I am using WGPU for the graphical back-end. Luckily I had most of a rendering engine already written in Rust as I had been rewriting most of the website version's rendering engine to use webASM, so I was able to copy over a lot of that code into this project and currently have a version of the engine working nicely. At the moment it can only render rectangles, but I have tested it on my desktop as being able to render around 2,000,000 rectangles in a second. Much faster than the top-speed I could get from the website version, which was about 720,000. Also thanks to the fact I could copy a lot of it over, the engine already has a moveable viewport, element render judgements, frame skipping, stencilling, a tree-based element data structure, extremity calculation, and more. Plus all the mouse/keyboard interaction code that I had been working on most recently. And one or two small editions along the way that I forgot to add in the website version, for example, multi-level stencilling.

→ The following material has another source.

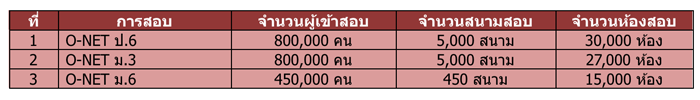 - ข้อมูลจำนวนผู้เข้าสอบในปีการศึกษา 2558 เนื่องจากระบบการส่งข้อมูลของผู้เข้าสอบ จะเปิดให้สถานศึกษาดำเนินการส่งข้อมูลนักเรียนในแต่ละระดับชั้น ผ่านระบบ O-NET / www.niets.or.th ผ่านเว็บไซต์ของ สทศ.ในระหว่างวันที่ 1 กรกฎาคม-31 สิงหาคม 2558 ซึ่งในปีการศึกษานี้ ก็คาดว่าจะมีผู้เข้าสอบใกล้เคียงปีที่ผ่านมา ดังนี้

Much has had to change thanks to the switch from webGL to WGPU which has added a whole new host of issues, but I'm confident that it's shaping up to be a faster and more stable version of the engine. I hope in future to re-write certain parts to expand functionality, though currently I am trying only to match what the original can do.
I'm going to keep the code secret for now, but above you can find completed applications that I've put together as I develop the larger project.